This post is part two in a series about how Modcup Coffee Co. launched from a roving coffee cart.
[M]odcup Coffee Co.’s first marketing campaign was driven by the force of a simple tagline: “99 percent of coffee served is stale. We are the one percent.” It was direct, to the point, and immediately let any consumer or potential wholesale customer know that we were different.
Being part of the one percent of coffee companies serving freshly roasted coffee became a way of attracting other businesses to join that movement and showcase coffee within its true window of freshness. The tagline beckoned, “Become part of the one percent and help us grow it to two percent.” It became an inclusive message that welcomed consumers and wholesale partners.

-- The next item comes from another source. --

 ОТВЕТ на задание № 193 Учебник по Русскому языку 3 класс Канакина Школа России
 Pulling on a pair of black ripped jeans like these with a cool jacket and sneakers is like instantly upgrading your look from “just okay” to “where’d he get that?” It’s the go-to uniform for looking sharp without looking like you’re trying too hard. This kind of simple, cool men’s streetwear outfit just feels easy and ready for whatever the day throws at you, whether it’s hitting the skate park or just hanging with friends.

Branding is all about an easily understood message that distinguishes you and your partners from the competition. Our philosophy was simple and our requirements from partners who sold our coffee were also simple.

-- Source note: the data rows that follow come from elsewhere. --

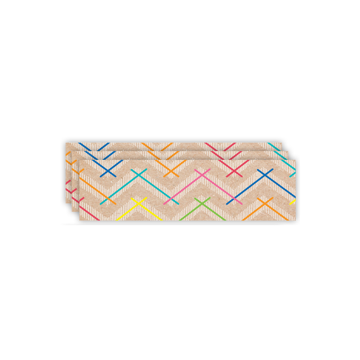 Add a creative touch to your bulletin board displays with the Colorful Kraft Chevron EZ Border, which features a colorful chevron pattern on a kraft-style background.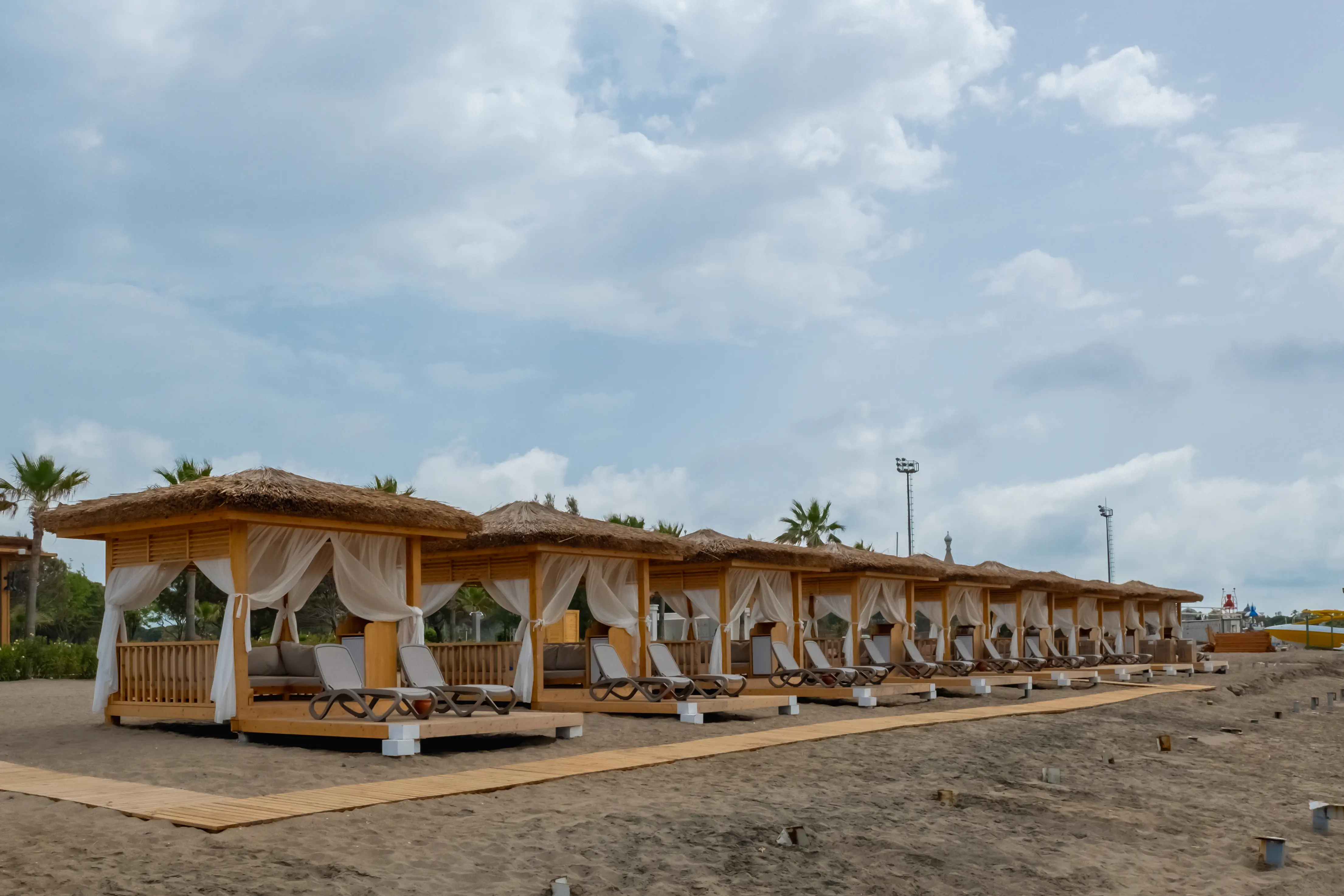 Prywatna, Piaszczysta, Piaszczyste zejście do morza, długość plaży: 216 m, pomost na plaży, Parasole - bezpłatnie, Leżaki - bezpłatnie, Ręczniki - bezpłatnie, Pawilony na plaży - płatne, Beach Bar - bezpłatnie, Prysznic
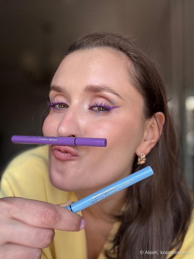 - Limoni Color Waterproof Eyeliner, тон 6 (фиолетовый) и тон 5 (голубой).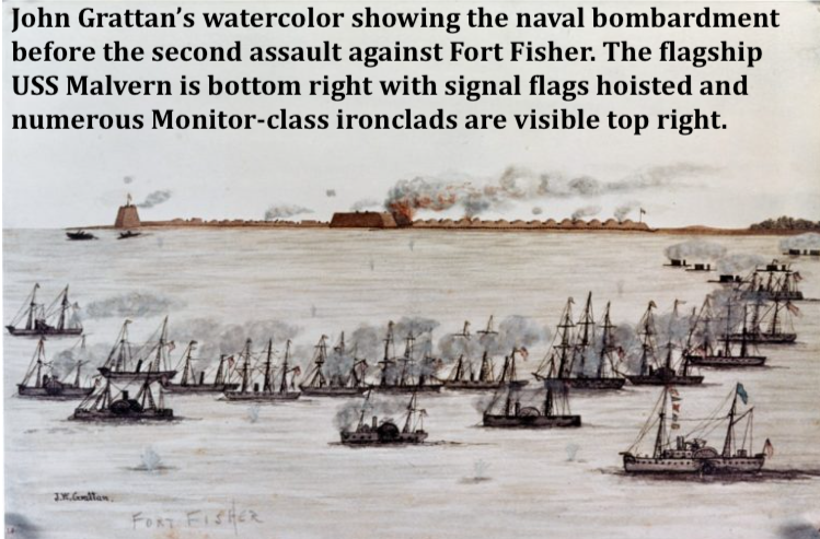 - Participated in two attacks on Fort Fisher as part of Admiral Porter’s squadron.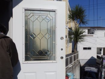 輸入の木製玄関ドアです。ステングラスが印象的ですね。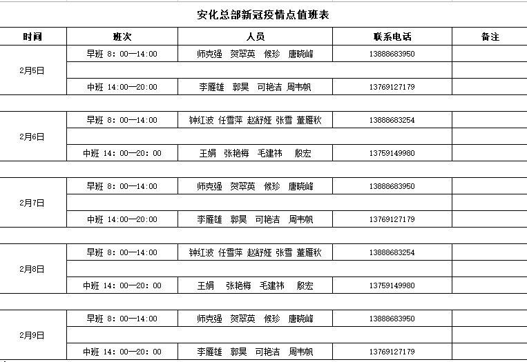 2月5日-2月9日總部職工生活區(qū)疫情防控點(diǎn)值班人員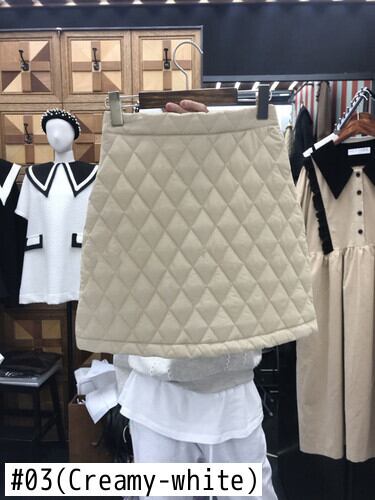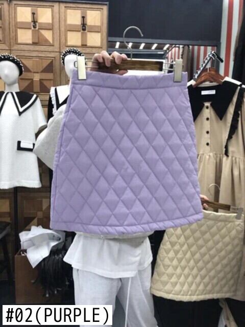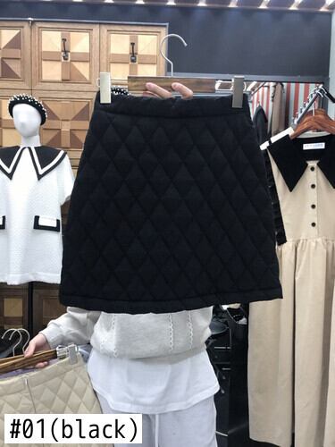 キルティングコットンパッド入りルーズウエストダイヤモンドチェック柄バットラップ A ラインスカートスタイル Faldas Moda 黒ミニスカート ブラック Aライン

Our first mobile café was a basic cart with everything we needed to sell the concept of specialty coffee to an audience that was brand new to the idea. Our first roastery operated along the exact same lines. Tucked away on Jefferson Avenue in Jersey City Heights, New Jersey, the original Modcup roastery was a small converted garage space that previously manufactured and warehoused mozzarella, a New Jersey staple.

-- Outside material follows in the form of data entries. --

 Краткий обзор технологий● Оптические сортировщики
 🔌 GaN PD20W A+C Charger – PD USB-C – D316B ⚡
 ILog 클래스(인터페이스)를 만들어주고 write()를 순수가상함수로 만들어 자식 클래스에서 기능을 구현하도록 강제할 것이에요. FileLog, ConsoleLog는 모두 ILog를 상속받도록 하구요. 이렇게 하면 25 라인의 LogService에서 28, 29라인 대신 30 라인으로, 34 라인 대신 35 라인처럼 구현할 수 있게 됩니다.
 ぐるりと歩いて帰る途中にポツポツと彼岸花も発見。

Looking to break the Jersey tradition of darkly roasted coffee, we utilized the space to set up a roasting operation that started with an Ambex YM-2. We very quickly outgrew and replaced it with a ten-kilogram roaster from the same manufacturer, opening the door for us to roast for customers outside our own café.
Out on the streets, working the cart, we invited anyone interested to visit our garage roastery for an interactive class. During these weekend courses, we shared what it meant to be part of the one percent: be aware of roast dates, not expiration dates, and treat your coffee like the perishable product it is.
We also developed a seminar series that distinguished commercial from specialty coffee, explained methods for removing the fruit of the coffee cherry to get to the seeds, and detailed how coffee-cherry processing dramatically impacts the flavor profile of the brewed cup. We engaged people in the various brewing methods by inviting them to brew with us—fourth-wave coffee, as we called it.
Our company mantra centered on the idea that coffee’s complexity can only be showcased when served within its true window of freshness, and that coffee is first and foremost a fruit; so, we focused on purchasing super-high-quality green coffee that was naturally processed. We felt there was no better way to show modern coffee than with one that actually tasted like fruit. Though we also sold more classic and familiar offerings, using naturals was the ultimate way to demonstrate coffee’s flavor range, and it became a great way to get customers to join us in the one percent.
In a wholesale coffee market dominated by large brands with a lot of capital, creative collaborations became the key to developing relationships and creating products to break our brand out from only supplying roasted coffee. Our café concept was based on our ability to be mobile, and we applied the same philosophy to the wholesale arm of our business. We offered our seminars and interactive brewing classes to major companies as team-building exercises, hoping that down the line, they might buy our roasted coffee too—double win!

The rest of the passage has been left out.